Pgs 12-13 "[...] settle down with a nice pot of Darjeeling and a plate of dry-roasted gumblejack fritters." Gumblejack were the fish that were being fished for in The Two Doctors. This is final proof, if any were needed, that the Eighth Doctor, unlike his predecessor, is not a vegetarian.
Pg 13 "His last violent regeneration, during which he had come closer to death than ever before, had shaken up his molecules so comprehensively that certain aspects of his character had come to the fore that had previously been buried so deeply within him they had seemed virtually nonexistent. His romantic nature, for one. And his tendency to babble about his origins for another." This is a handwavy apology for both the kiss and the sudden desire to tell everyone that he's half-human in the Telemovie.
Mention of Grace, also from the Telemovie.
Pg 14 A door is "propped open with a dog-eared copy of The Ripple Effect by Anton Bocca." The Bocca scale was the scale of time distortion mentioned in The Two Doctors.
Pg 15 "DESTINATION - LONDON, EARTH. LOCAL DATELINE - 11.01.1894. Victorian era." This is consistent with how the destination monitor was shown in the TV movie, although still doesn't explain why 1999 is referred to as the Humanian era. Unless it's because that's where he picked up that Human, Ian.

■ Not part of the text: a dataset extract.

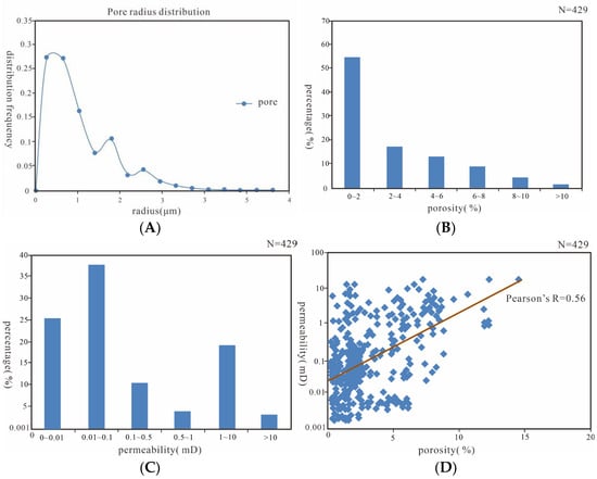 Histogram and correlation chart of porosity and permeability. (A) Pore radius distribution. (B) Porosity histogram. (C) Permeability histogram. (D) Correlation diagram of porosity and permeability.
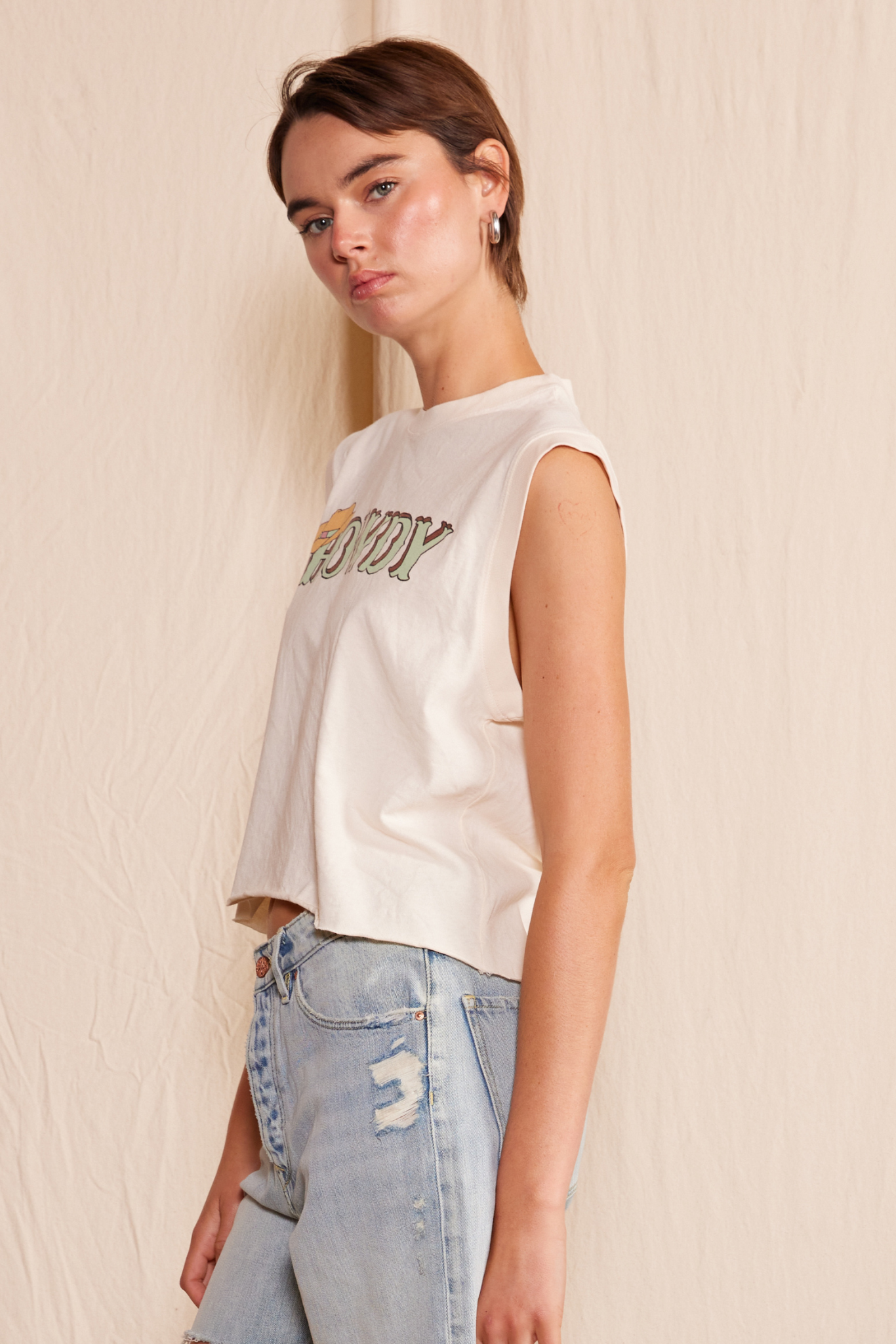 Welcome summer with the "Howdy" Tank! This muscle tank features a playful "Howdy" print and cowboy-inspired style, made from 100% organic cotton for ultimate comfort and sustainability. Stay cool, stylish, and environmentally-friendly all season long. Giddy up!

"The outfit consisted of a coral-coloured jacket with puffed sleeves, blue bloomers, black Victorian boots and a straw boater-type hat with a coral-coloured band." This is Leela's outfit from The Talons of Weng-Chiang, although it appears to be Romana's boater hat, unless I'm misremembering.
Mention of Nyssa - in fact, Sam lives in her old room, albeit a little restructured since then.

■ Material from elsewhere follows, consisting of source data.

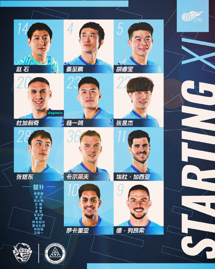 03月01日訊 15:30中超第二輪,青島海牛對(duì)陣深圳新鵬城。賽前雙方公布本場(chǎng)首發(fā)。
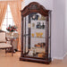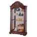The Denton Curio Cabinet will add beauty and design to any room. This detailed and stylish cabinet has tempered glass doors and shelves and is uniquely designed to be a welcome addition to your decorative collection.'This sophisticated cabinet in a warm cherry finish features a detailed bonnet top and palmetto carved accents adding a formal, traditional feeling to the cabinet.'The open glass shelves are the perfect place to display glassware or other collectables in a fashionable way. This curio cabinet is a compliment to any home.
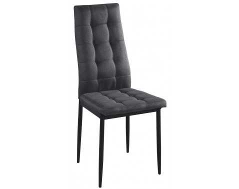 Oblíbená jídelní židle v kombinaci černého kovu a tmavě šedé látky. Sedací a opěrná část je doplněna výrazným dekorativním proševem.
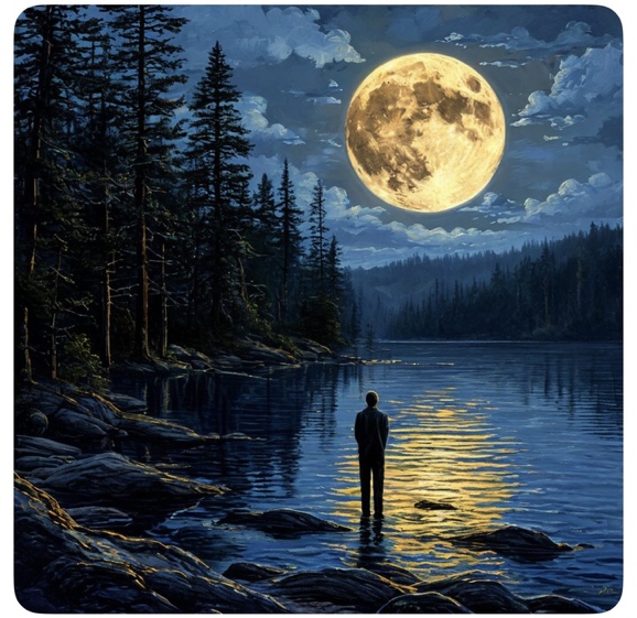 В центре стояла высокая фигура в чёрном, вознося руки к полной Луне.

Pg 16 "On top of the pile of clothes was a white business card with a weird symbol on it." This appears to be the same as the calling card the Doctor left in Remembrance of the Daleks. Maybe he had some spares left over and started using them for any old thing, instead of just antagonising old enemies.
Pg 18 "'Doctor?' 'Hmm?' 'Do you know who Jack the Ripper was?' This time the Doctor looked at her directly. He appeared to consider her question for a moment, then said quietly. 'I know many things. Too many, I think, sometimes.'" He then goes on to completely dodge the question, presumably because IT WAS HIM! Matrix.

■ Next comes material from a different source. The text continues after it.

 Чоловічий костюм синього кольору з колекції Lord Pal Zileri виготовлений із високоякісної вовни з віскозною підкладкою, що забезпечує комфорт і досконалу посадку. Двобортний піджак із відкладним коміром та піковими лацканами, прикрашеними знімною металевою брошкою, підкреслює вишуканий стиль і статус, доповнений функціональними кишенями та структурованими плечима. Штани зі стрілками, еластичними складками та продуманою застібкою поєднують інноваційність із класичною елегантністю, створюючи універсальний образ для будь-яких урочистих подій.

Pg 20 "No no no no no" It's not too bad in this book, but the Doctor's irritating repetition thing from the Telemovie still lurks in the background on occasion.
"'Only London smells like this,' said the Doctor cheerfully. 'It has a certain... ethos. A certain bouquet.' He paused, looking puzzled. 'What's the matter?' 'Deja vu,' said the Doctor, then shrugged." He's quoting from City of Death, then, when he realises he's done so, he quotes from City of Death again to point it out.
Pg 23 "'But that's mental. I was born. I'm here, aren't I?' 'That's open to debate,' murmured the Doctor." It's unlikely, but possible, that this is subtle foreshadowing to the discovery that Sam has two sets of bio-data, and that this version of her shouldn't really be there at all, as we will later find out in Alien Bodies.
Pg 33 "'My name is Dr John Smith and this is my niece, Miss Samantha Jones.' Raising his voice above Sam's muttered response of 'Smith and Jones. Nice one.'" This joke's been done before, at the end of The Eight Doctors, and Sam made it, so it's unclear why she's moaning about it now. Maybe she's just being stroppy. Which would not be out of character for her in this book.
"Four Ranskill Gardens" is still Professor Litefoot's address. We've already visited here in The Talons of Weng-Chiang.
Pg 37 "'Forgive me, Professor,' he said. 'It's just that I feel as though I do know you very well. The Doctor often talks about the Weng-Chiang business and the gallant part that you played in it.'" The Talons of Weng-Chiang, obviously. There then follows a brief summary of said adventure. It gets mentioned a lot, so I've only recorded instances which have a bearing on the developing plot of this novel.
Pg 38 Brief mention of Henry Gordon Jago, who's not in this book because he's been "rather dyspeptic of late" and is "spending a few weeks with his sister in Brighton."
Pg 40 "Leela is married, with children I believe." Consistent with what the Doctor learned at the end of Lungbarrow.
Pg 42 "Was it therefore, too fanciful to hope and believe that one day Great Britain would have not only a female monarch but a female prime minister?" This sounds like a reference to Margaret Thatcher, but it isn't - it's a reference to the unnamed female prime minister of Terror of the Zygons.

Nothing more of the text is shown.